'''
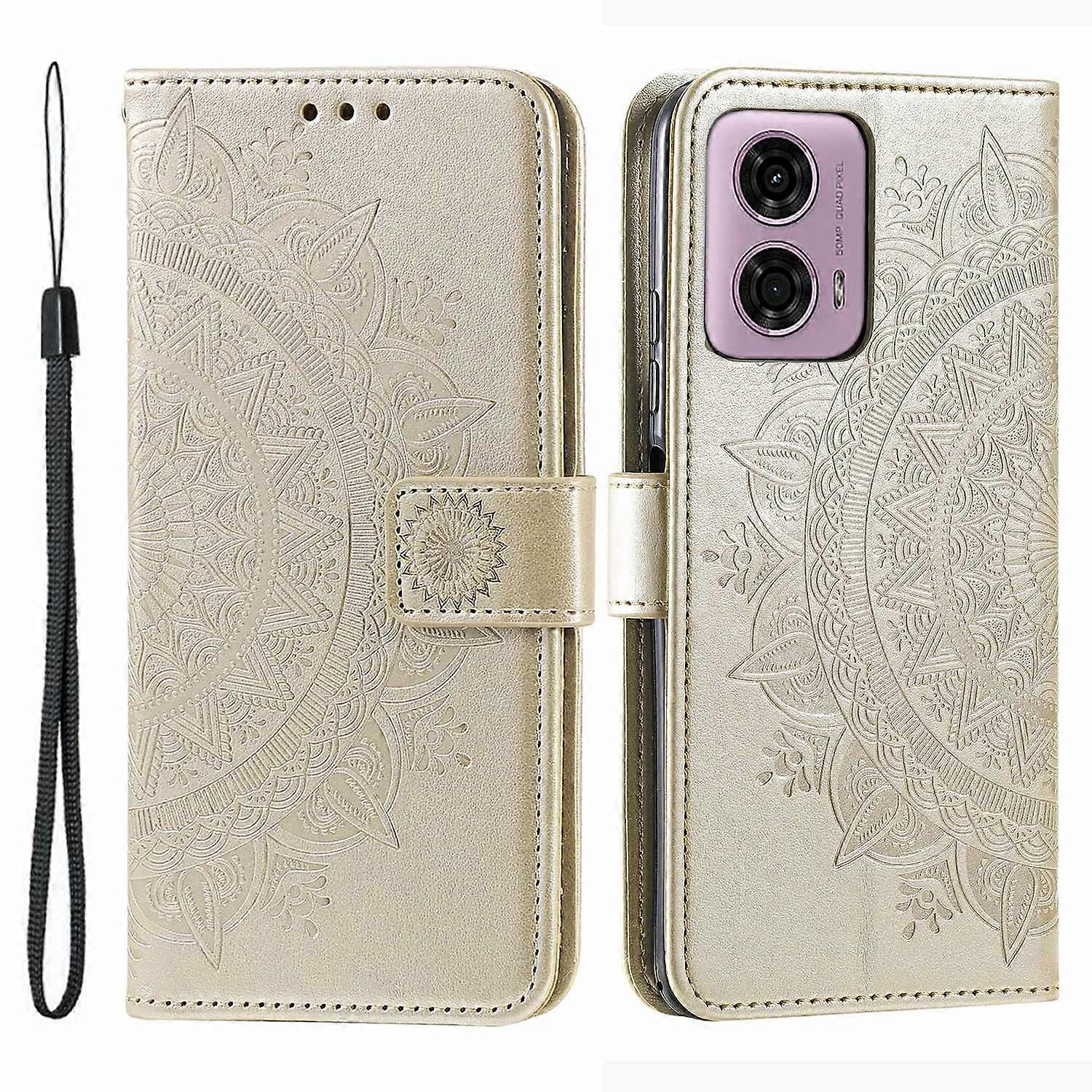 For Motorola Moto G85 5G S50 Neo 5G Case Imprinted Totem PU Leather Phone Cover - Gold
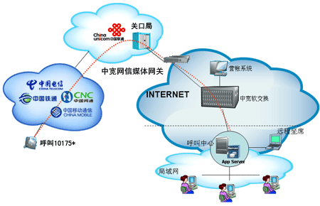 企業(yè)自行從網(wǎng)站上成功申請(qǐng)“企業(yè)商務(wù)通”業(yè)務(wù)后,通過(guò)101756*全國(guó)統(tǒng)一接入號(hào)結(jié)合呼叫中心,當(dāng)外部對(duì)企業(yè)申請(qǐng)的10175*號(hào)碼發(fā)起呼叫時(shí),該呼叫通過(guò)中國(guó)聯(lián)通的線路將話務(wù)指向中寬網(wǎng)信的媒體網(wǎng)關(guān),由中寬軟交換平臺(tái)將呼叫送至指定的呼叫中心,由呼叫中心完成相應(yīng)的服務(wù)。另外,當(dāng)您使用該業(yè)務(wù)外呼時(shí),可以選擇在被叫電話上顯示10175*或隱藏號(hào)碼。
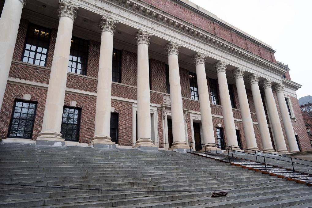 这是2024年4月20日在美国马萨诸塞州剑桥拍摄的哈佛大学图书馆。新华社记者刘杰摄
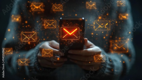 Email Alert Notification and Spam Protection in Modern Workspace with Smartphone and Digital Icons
'''
_Task requirements_. The lines to write out run from the one containing "企業(yè)自行從網(wǎn" through the final line of the material above, both included; write them out exactly, with no pictures.

_Final answer_.
 企業(yè)自行從網(wǎng)站上成功申請(qǐng)“企業(yè)商務(wù)通”業(yè)務(wù)后,通過(guò)101756*全國(guó)統(tǒng)一接入號(hào)結(jié)合呼叫中心,當(dāng)外部對(duì)企業(yè)申請(qǐng)的10175*號(hào)碼發(fā)起呼叫時(shí),該呼叫通過(guò)中國(guó)聯(lián)通的線路將話務(wù)指向中寬網(wǎng)信的媒體網(wǎng)關(guān),由中寬軟交換平臺(tái)將呼叫送至指定的呼叫中心,由呼叫中心完成相應(yīng)的服務(wù)。另外,當(dāng)您使用該業(yè)務(wù)外呼時(shí),可以選擇在被叫電話上顯示10175*或隱藏號(hào)碼。
 这是2024年4月20日在美国马萨诸塞州剑桥拍摄的哈佛大学图书馆。新华社记者刘杰摄
 Email Alert Notification and Spam Protection in Modern Workspace with Smartphone and Digital Icons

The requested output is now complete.